# Hi



## DeLamar.J (Sep 12, 2004)

Yo, Im the first person to post in this forum, yeeee haaa  artyon:


----------



## Darksoul (Sep 12, 2004)

-That would make me #2, haha!

A---)


----------



## DeLamar.J (Sep 12, 2004)

Darksoul said:
			
		

> -That would make me #2, haha!
> 
> A---)


Why yes it would. Great idea though, we needed a meet and greet section.


----------



## Bob Hubbard (Sep 12, 2004)

LOL.   Y'all beat me to it.


----------



## bignick (Sep 12, 2004)

man...4th place doesn't get a medal...

oh well...


----------



## jfarnsworth (Sep 12, 2004)

bignick said:
			
		

> man...4th place doesn't get a medal...
> oh well...


It's the story of my life. A day late and always a dollar short.


----------



## Dr. Kenpo (Sep 12, 2004)

jfarnsworth said:
			
		

> It's the story of my life. A day late and always a dollar short.

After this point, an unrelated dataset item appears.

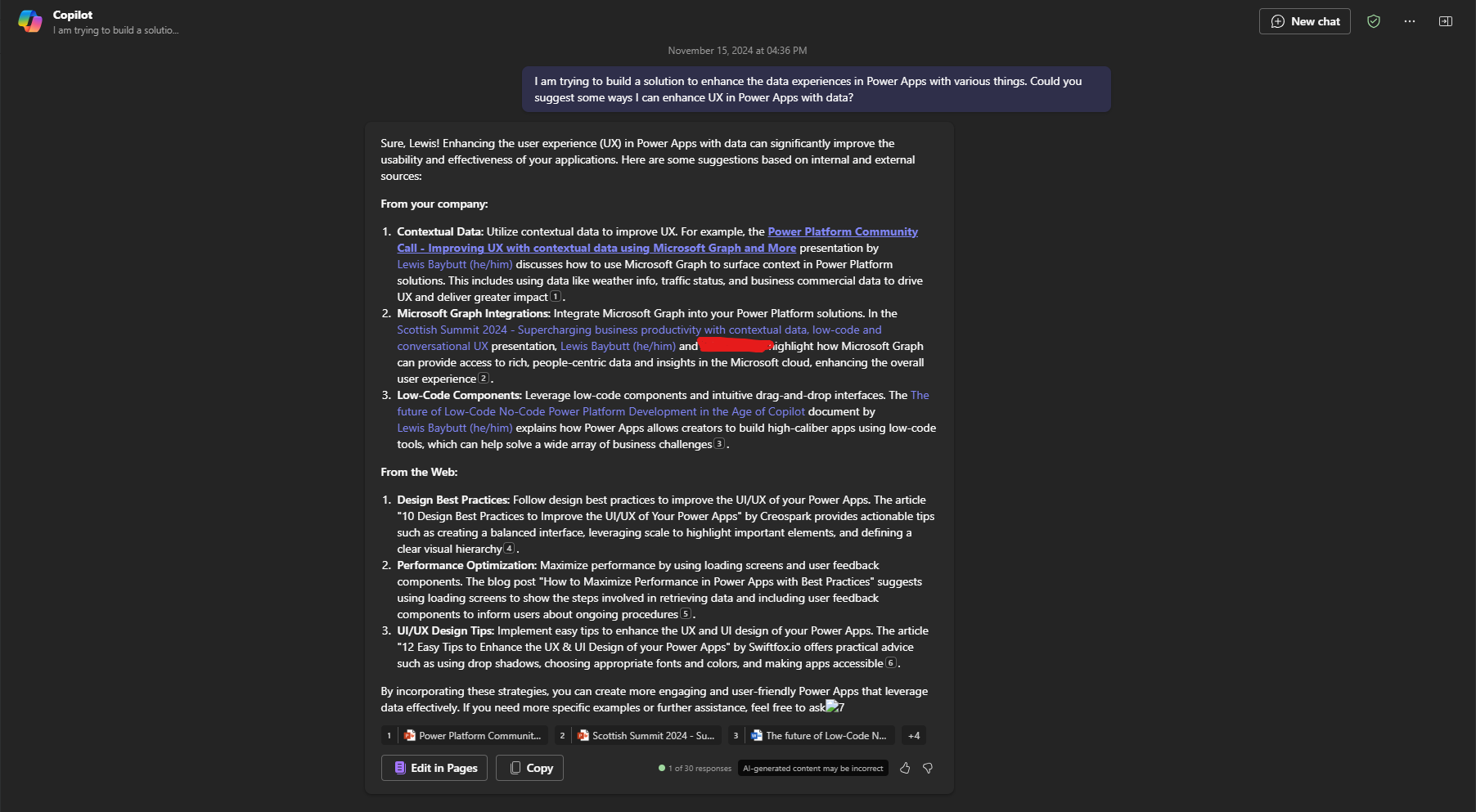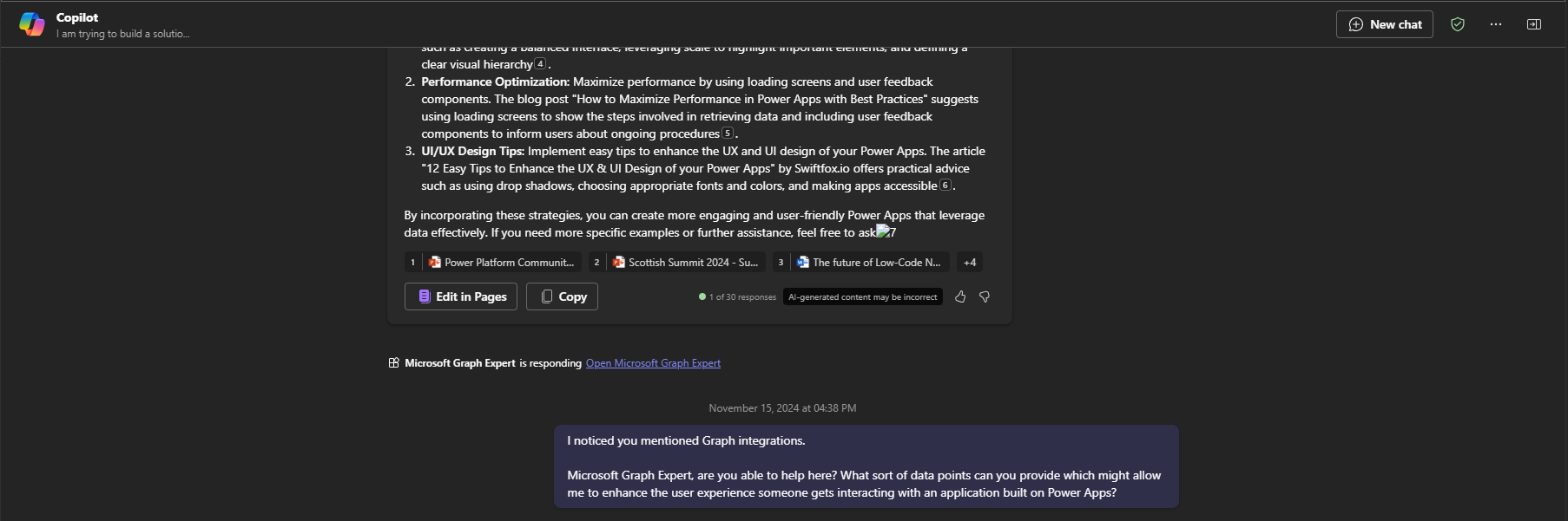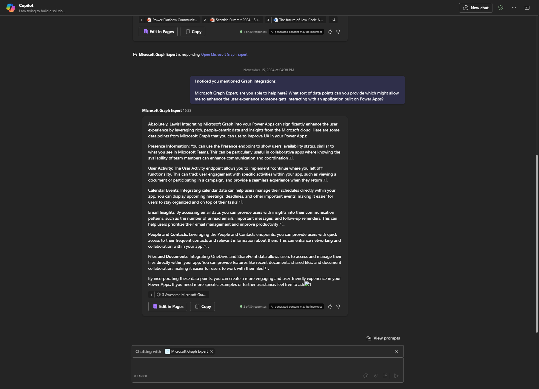 Okay so Copilot gives us a few ways in which we could enhance user experience. In fact I notice it pointed out Microsoft Graph. Now I suppose we could call on the Graph agent to confirm things and expand on how Graph can help improve our Power Apps...

Hence, a good reason to stay away from this one!:whip:


----------



## jfarnsworth (Sep 12, 2004)

Dr. Kenpo said:
			
		

> Hence, a good reason to stay away from this one!:whip:


 :idunno:  Weird, I thought you were buying lunch when I got down there. :uhyeah:


----------



## Dr. Kenpo (Sep 12, 2004)

jfarnsworth said:
			
		

> :idunno: Weird, I thought you were buying lunch when I got down there. :uhyeah:


Oh, I am. Just getting out a warning to the rookies here at MT!


----------



## tshadowchaser (Sep 12, 2004)

To all of the NEW people who stop by here MY I say WELCOME TO MARTIALTALK 

WE HOPE YOU ENJOY YOU TIME HERE. PLEASE INTRODUCE YOURSLEFS.


----------